Theatre reviewers, movie reviewers, ballet reviewers, book reviewers, wine writers and even motoring writers differ from restaurant writers in this one important way. Sure, you buy a car or a bottle of wine, but the retail experience is never reviewed, because no one — neither the writer nor the reader — cares how the Holden dealer sells you a Commodore. It’s simply not relevant.

Not so for restaurants where the retail experience is what you’re buying. Which makes it one of the most compelling and fraught interactions people have with a business. Which, in turn, is why restaurant criticism has become a lightning rod for the Dissatisfied Customer and diners seeking informed recommendations.

What makes a good restaurant critic? Journalism training. The real thing: cadetships spent chasing cop stories and doing courts rounds; being sent on stories you loathed — the “death knock” was the worst — and, most importantly, having it drummed into you that it’s not about you. Which is why, in Australia, John Lethlean of The Australian and Matt Preston, formerly of The Age in Melbourne (who, one hopes, will return to restaurant writing once his Masterchef career has ended) represent all that’s good in restaurant criticism. Both of them were trained, accomplished journos before they turned their hands to restaurant writing. They are from an era when bylines were as rare as a sober sub-editor and journalism was a trade, not a glamour job.
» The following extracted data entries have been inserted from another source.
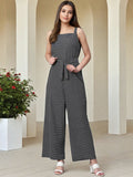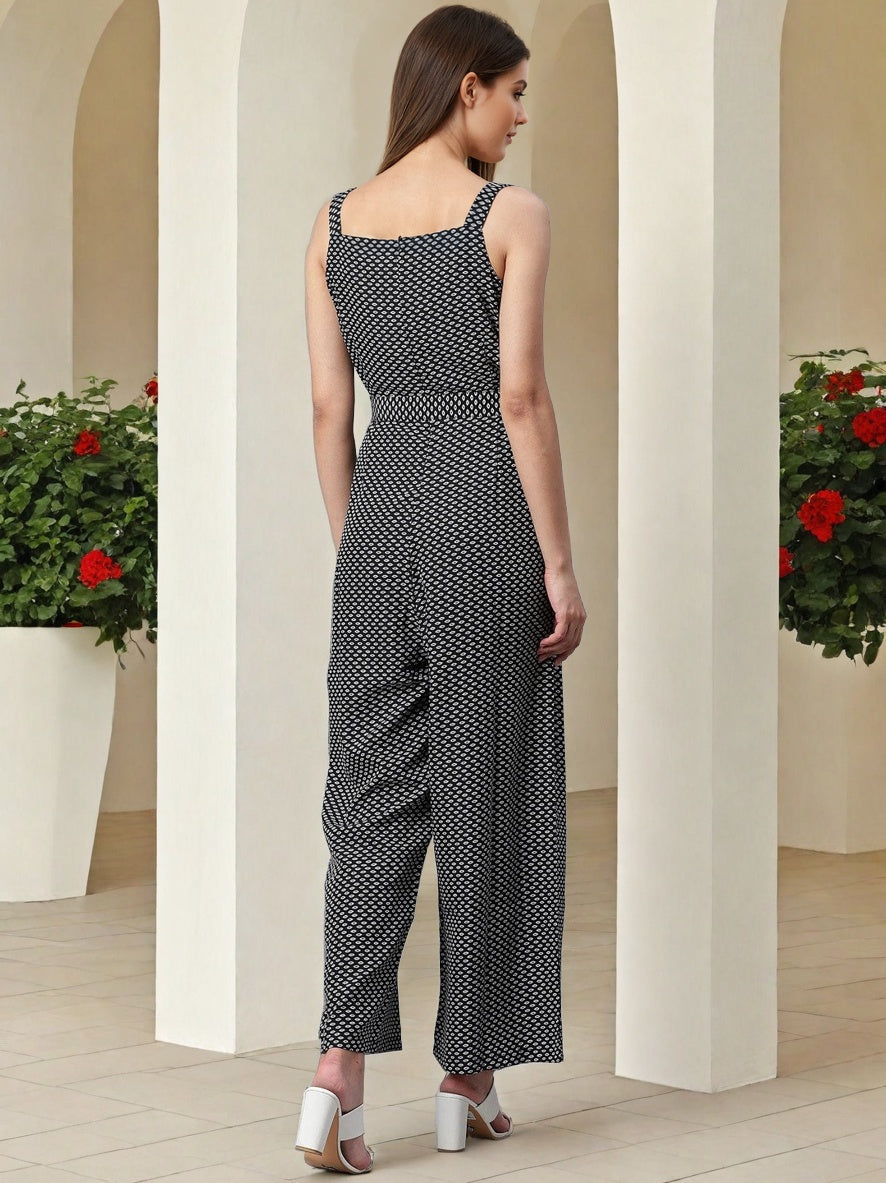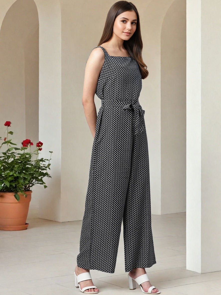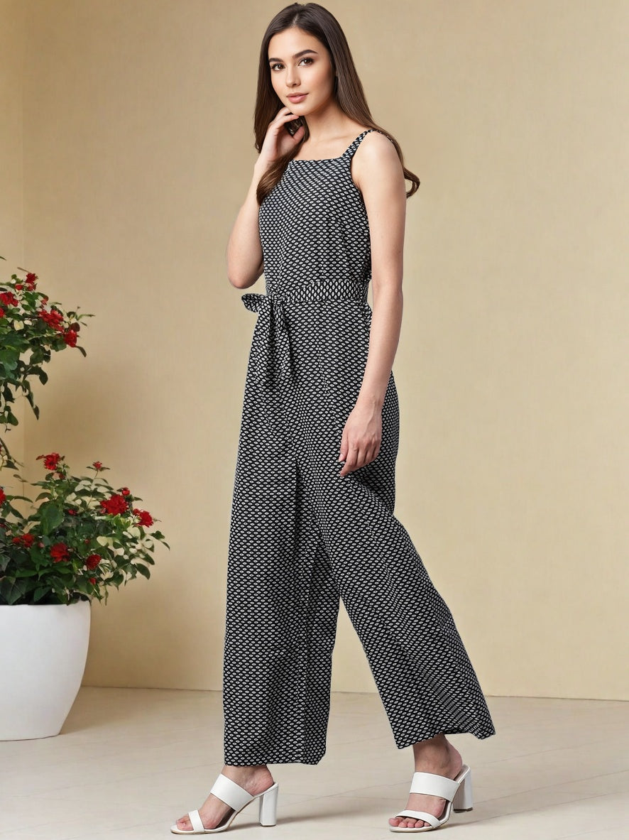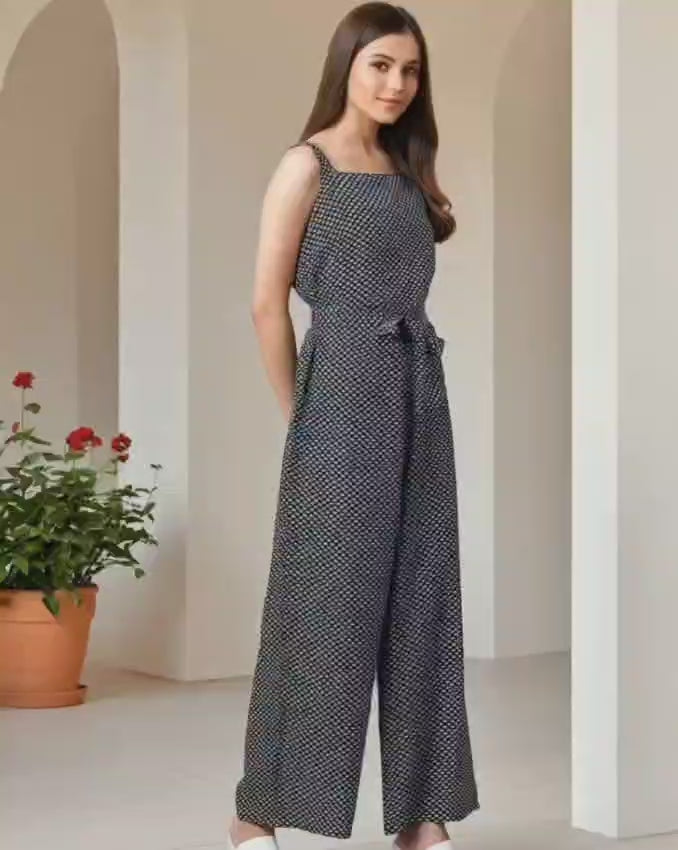 This women’s printed shoulder straps jumpsuit is the perfect mix of casual chic and flattering fit. Featuring delicate shoulder straps and a stylish waist tie-up, it enhances your silhouette while ensuring day-long comfort. The eye-catching print adds a fun, vibrant touch that makes it perfect for warm-weather outings, vacations, or relaxed get-togethers.
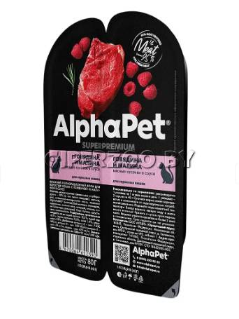 AlphaPet Superpremium Говядина и малина в соусе – влажный полнорационный корм для взрослых кошек с говядиной и малиной в соусе.
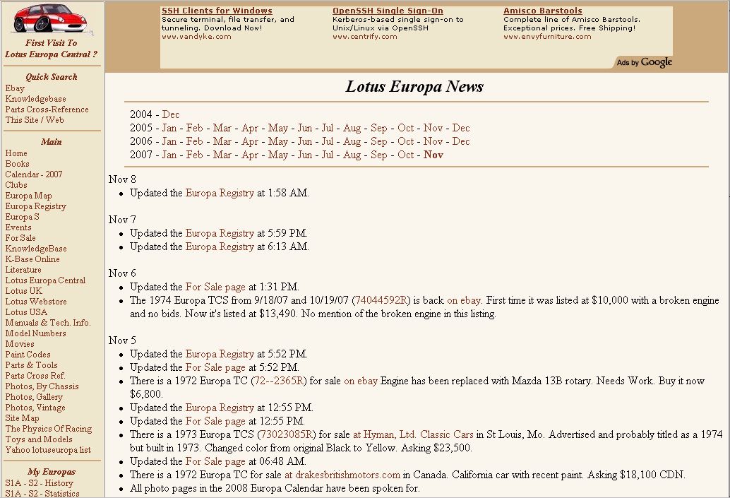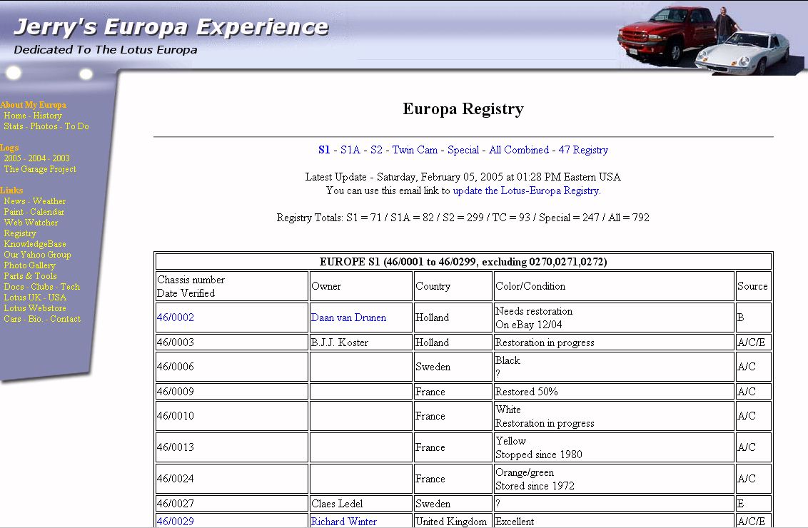 - Feb: Purchased hosting and registered the name lotus-europa.com.
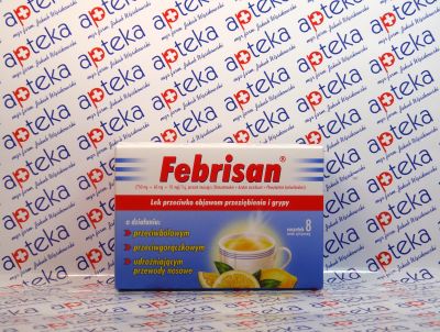 Febrisan jest preparatem o skojarzonym działaniu trzech składników: paracetamolu, fenylefryny i witaminy C. Działa przeciwgorączkowo, przeciwbólowo, udrażnia przewody nosowe oraz uzupełnia niedobory witaminy C.

But we are dinosaurs I suspect. Bloggers are the big news these days and much preferred by tourism bodies, restaurant owners and hotel operators because, generally speaking, they’ll write whatever you like for an ad on their website, a business class ticket, a “comped” dinner or a deluxe suite. They often see themselves as stars, too, which is why you, the reader, should be suspicious of any critic who wants to make a name for him or herself; who’s in it for the freebies, who wants to be loved by chefs and get invitations to opening nights and parties and who wants to be famous and do selfies with Heston. They have forgotten — if they ever knew in the first place — that the best journos are outriders: lone wolves of the publish-and-be-damned variety. Observers not players.

This is just the way it should be. I like the view from the metaphorical gutter. I know, too, that Lethlean and Preston both like the view from there. It’s always a more interesting aspect than that from the rear seat of a chauffeured car, if you see my laboured point.
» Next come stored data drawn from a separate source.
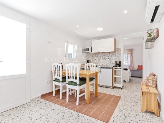 * Au rez-de-chaussée, au même niveau que la piscine, il y a un appartement séparé avec sa propre entrée. Il dispose d'un salon-salle à manger avec une cuisine ouverte (plus compacte que la principale), deux chambres supplémentaires et deux salles de bains complètes. Un espace idéal pour accueillir des invités ou de la famille en toute intimité.
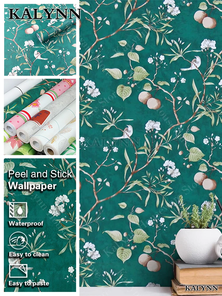 Green Floral Contact Paper,Vinyl Peel and Stick Wall Paper,Vintage Self Adhesive Wallpaper for Bedro...
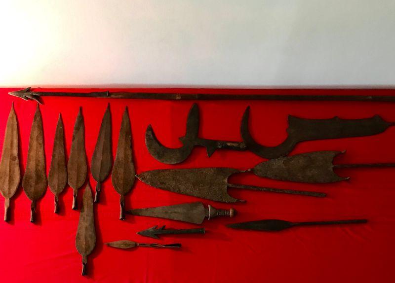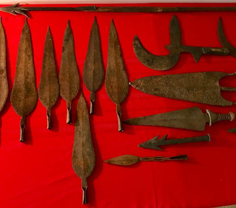 Includes 13 spear heads of various sizes, 1 spear shaft (65 inches long), 1 knife and two blades.
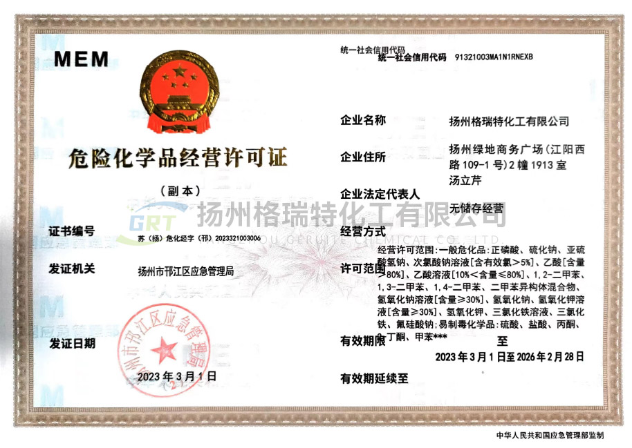 揚州格瑞特化工有限公司生產工廠坐落于江蘇省海安縣胡集工業園區和海安精細化工工業園。總公司成立于1999年,是集科、工、貿為一體的現代化生產型企業。專業致力于水處理劑、紡織印染助劑、化纖油劑等產品的科研、開發、生產和銷售??偣菊嫉孛娣e40000m,建有現代化標準廠房,擁有先進的生產設備。年產各類水處理劑系列產品12000噸,紡織印染助劑5000噸,產品12個系列40多個品種??偣咀⒅丶夹g投入,設立產品研發中心和環保運營中心,聘請了多位專家為公司技術顧問,并和多個重點院校建立了長期技術合作開發關系,是南通大學、江南大學、南京工業大學產學研基地。

The best restaurant critics?

The best are those who admire and respect chefs; who see commercial cookery as something noble because it brings people together and brings pleasure to people’s lives and who have that old-school journo drive to make the world a better place . . . through eating.

“The best are those who learn early to read, read and read some more, ” Perry says. “If I was advising a young journo who wanted to get into restaurant writing, I’d tell them go and read other people’s criticism, cookbooks, articles, food history; eat in a wide array of restaurants; become experienced and knowledgeable.”